総合転職エージェントの株式会社ワークポート(所在地:東京都品川区、代表取締役社長 CEO:田村高広)は、全国の転職希望者300人を対象に、【ジェンダーハラスメント】についてアンケート調査を行いました。
■勤務先は男女平等だと感じる・感じない?結果は五十歩百歩
 毎年3月8日は国際連合によって定められた国際女性デーとして、女性の地位向上を目指した様々な働きかけが世界各地で行われています。日本は、2019年12月に世界経済フォーラムが発表した「グローバル・ジェンダー・ギャップ指数」(世界男女格差指数)で153ヵ国中121位という結果になり、男女格差の問題が深刻であることが明らかになりました。何かと女性の生きづらさが取り沙汰されることが多いですが、一方で男性の中にもジェンダーによる差別で苦しんでいる人がいます。今回は全国の転職希望者の男女(20代~40代)を対象に、ジェンダーハラスメントについての実態調査を行いました。

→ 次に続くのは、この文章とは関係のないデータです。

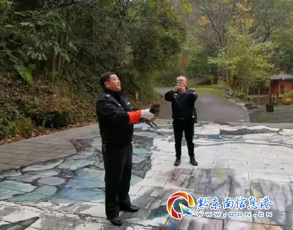 施秉縣森林公安局的民警去到現(xiàn)場看到,原來這只特殊的客人是一只成年貓頭鷹,隨后民警對貓頭鷹進(jìn)行了初步檢查,發(fā)現(xiàn)貓頭鷹健康狀態(tài)良好,在熱心市民的幫助下,施秉縣森林公安局民警帶著這只貓頭鷹回到森林公安局里妥善安置一晚。2019年11月29日早上,施秉縣森林公安局民警便帶著這只貓頭鷹到施秉縣云臺山上進(jìn)行放歸山林活動。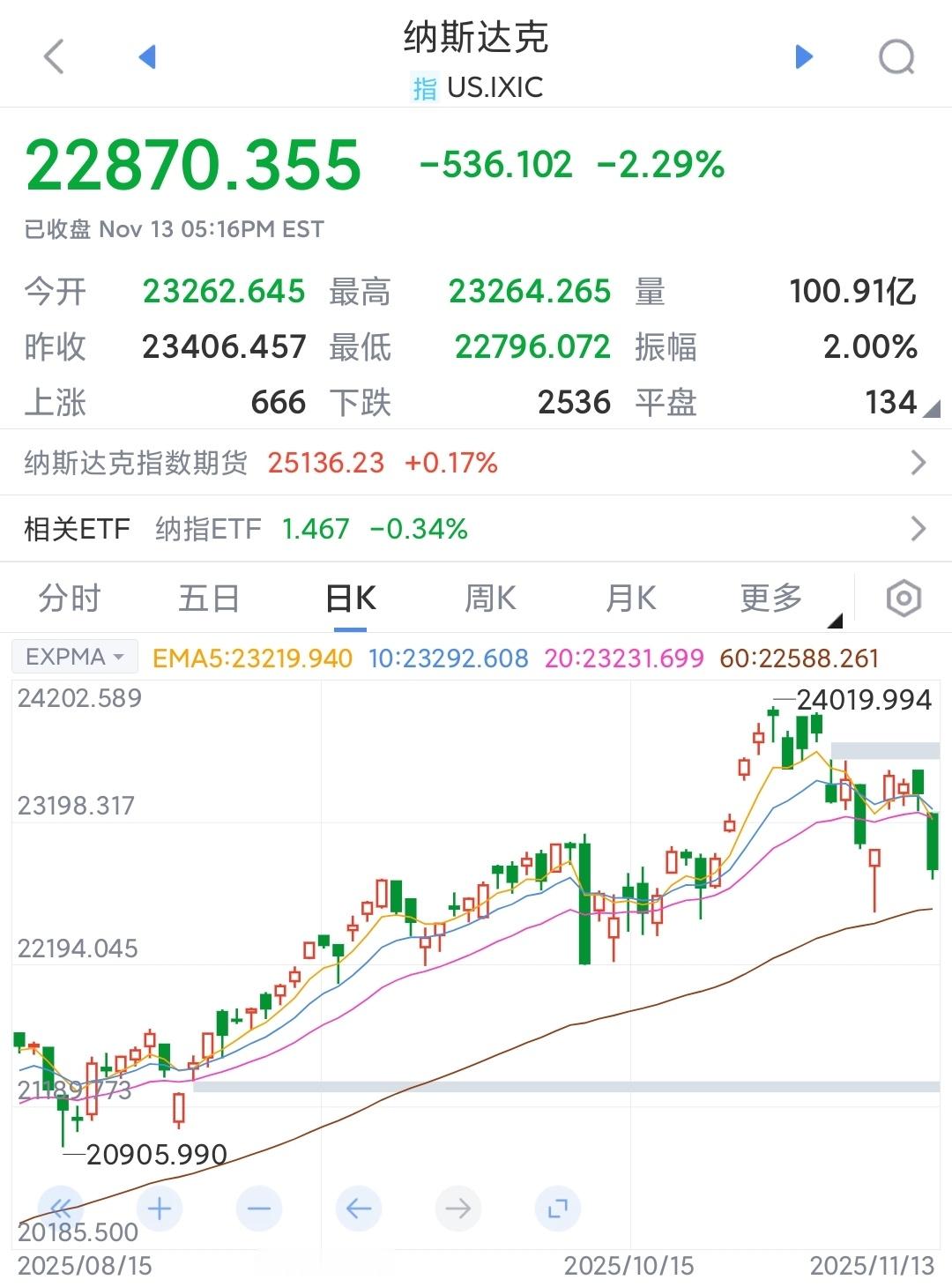 美股大跌,道指昨还新高,纳指跌两周了。AI故事没新意了道指是30个成分股,其中英伟达是明显的AI股,微软和亚马逊捆绑AI没那么严重,苹果不算AI股了。主要的AI股在纳指,之前炒作大涨的不少,这些天回调比较多。道指回调不多,纳指明显更弱。现在AI故事已经讲到耳朵听出老茧了。再怎么讲,业界也还是心里打鼓,巨额投入怎么赚钱?目前还是继续大投数据中心,但是没人能解释赚钱回报的事,逻辑没有闭环。美股里钱还是多,美元美债不靠谱,资金还是炒美股。估值越来越高,泡沫越来越大,巴菲特现金越来越多。

 対象者に、現在の会社(直近の会社)は男女平等であると感じるか聞いたところ、「とても感じる」(14.7%)、「やや感じる」(36.7%)とする人は合わせて51.4%となり、「あまり感じない」(33.0%)、「まったく感じない」(15.7%)とする人は合わせて48.7%となりました。約50%は自身の勤務先は男女平等だと感じていますが、残りの半数は会社内で男女格差を感じていることがわかります。ジェンダーによる差別が改善されていない企業は一定数あり、男女平等な職場環境づくりへの取り組みは企業間で差があるようです。また、感じないと回答した人のうち、男性では45.3%、女性では53.8%と性別による大幅な偏りはなく、男女ともに格差を感じていることがうかがえます。

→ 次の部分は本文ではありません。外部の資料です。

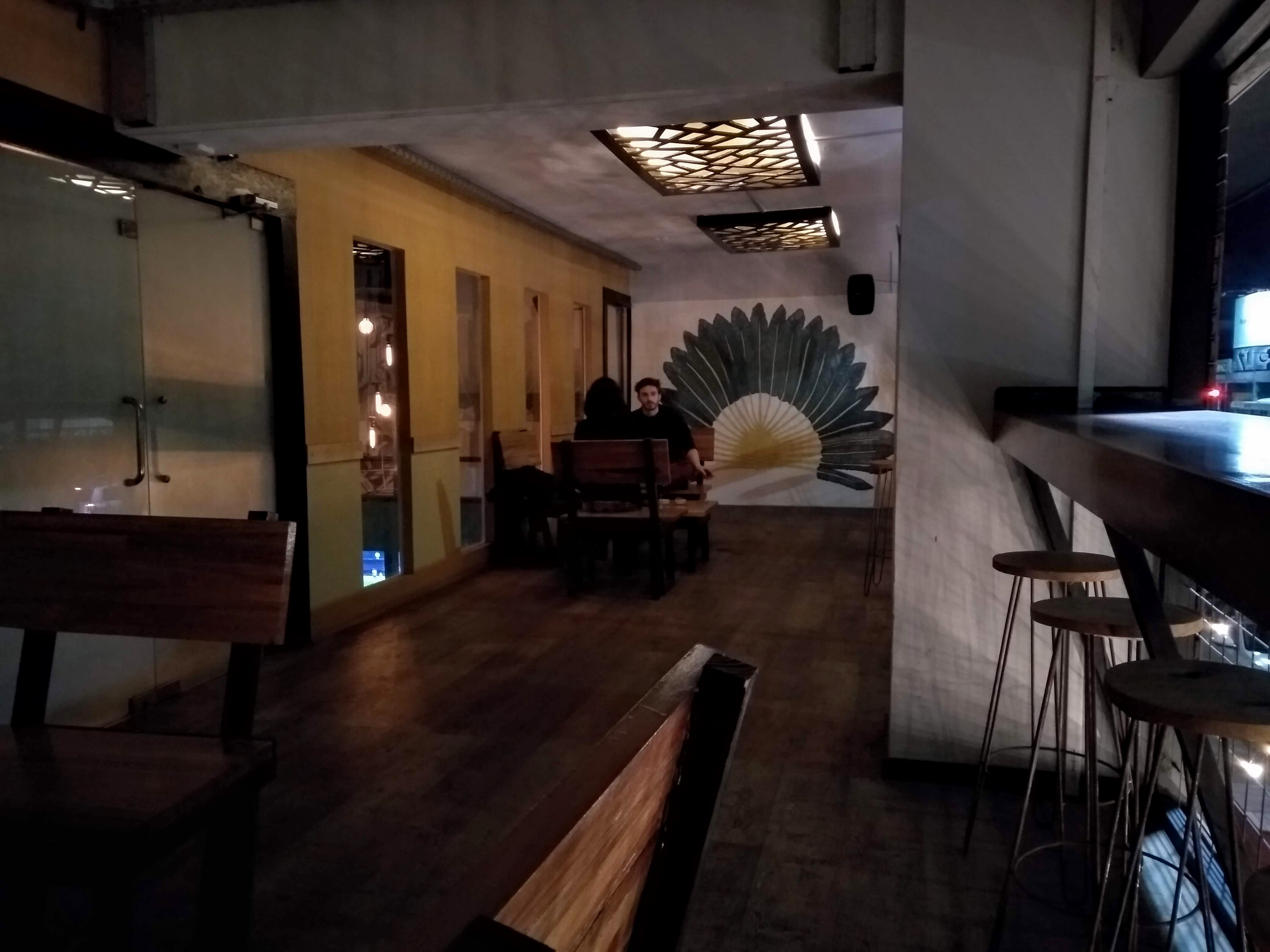 El local es enorme, con 2 pisos súper amplios y murales de flores y árboles en las paredes, luces cálidas, mucha madera y música tranqui. En el 2do piso hay además una terraza hermosa!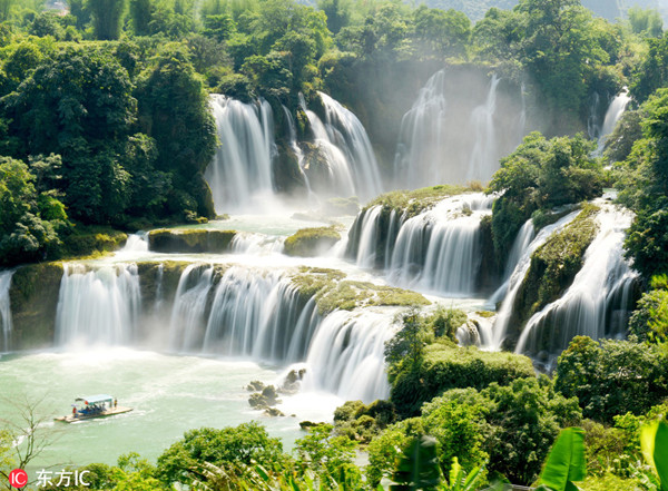 Located in South China's Guangxi Zhuang autonomous region on the border with Vietnam, Detian Waterfall is the biggest cross-border waterfall in Asia and the fourth-largest in the world. It straddles China and Vietnam, as well as the Pingxiang Friendship Pass, a major route for people traveling between the two countries.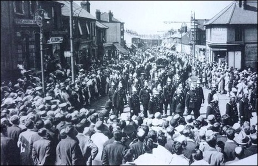 1902 年 9 月 19 日,两千名支持者在阿拉巴马州伯明翰的希洛浸信会教堂,听取黑人运动领袖布克·T·华盛顿的讲话。教堂刚建成不久,从大门走到教堂要经过一段陡峭的楼梯。华盛顿演讲结束后,一些听众在离场时发生了口角,有人起哄道“战斗”了。在美式英语中“战斗”和“交火”的意思相近,所以有人听成着火了。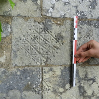 - Forme geométrique, probablement une croix chrétienne entourée de points, comblés de triangles de losanges de carrés et de points ou peut-être un objet liturgique comme un ostensoir

■約30%が男性・女性の“らしさ”を押し付けられた経験「あり」
 お茶出しや掃除は女性の仕事?重労働は男性の仕事?
 対象者に、現在の会社(直近の会社)で「男性だからこうするべき」、「女性だからこうするべき」といったことを言われたり強制されたりしたことがあるか聞いたところ、「よくある」(11.3%)、「たまにある」(19.0%)とする人は合わせて30.3%となり、「あまりない」(43.0%)、「まったくない」(26.7%)とする人は合わせて69.7%となりました。「ない」と回答した人が多いものの、約30%が男女の“らしさ”を押しつけられることで自身の言動を強制されたり制限されたりした経験があるということがわかりました。
 「よくある」、「たまにある」と回答した女性にどんなことを言われたり強制されたりしたか聞いたところ、「来客にお茶を出すのは管理職であっても必ず女性がすべきだと言われた」(30代・女性・営業)、「会社内の掃除は女性がやるようにと強制された」(40代・女性・営業)、「飲み会でのお酌は女性にやってほしいと頼まれた」(40代・女性・医療福祉)といった、勤務先でお茶出しや清掃などの雑務は女性の仕事だとする文化が根強く残っているという声が最も多く挙げられました。「女性は家事をしなくてはいけないから大変だね、と言われることが日常茶飯事である」(30代・女性・企画マーケティング)という意見も見られたことから、「女性=家事など雑務をする人」というような意識を持った人がまだ多くいるのかもしれません。2月13日に、埼玉県議会は女性職員が委員の県議にお茶を出す慣例を廃止すると発表しました。2007年に男女雇用機会均等法が再改正されてから10年以上が経過した現在もなお、お茶出しは女性の仕事であると考える企業も一定数あることがうかがえます。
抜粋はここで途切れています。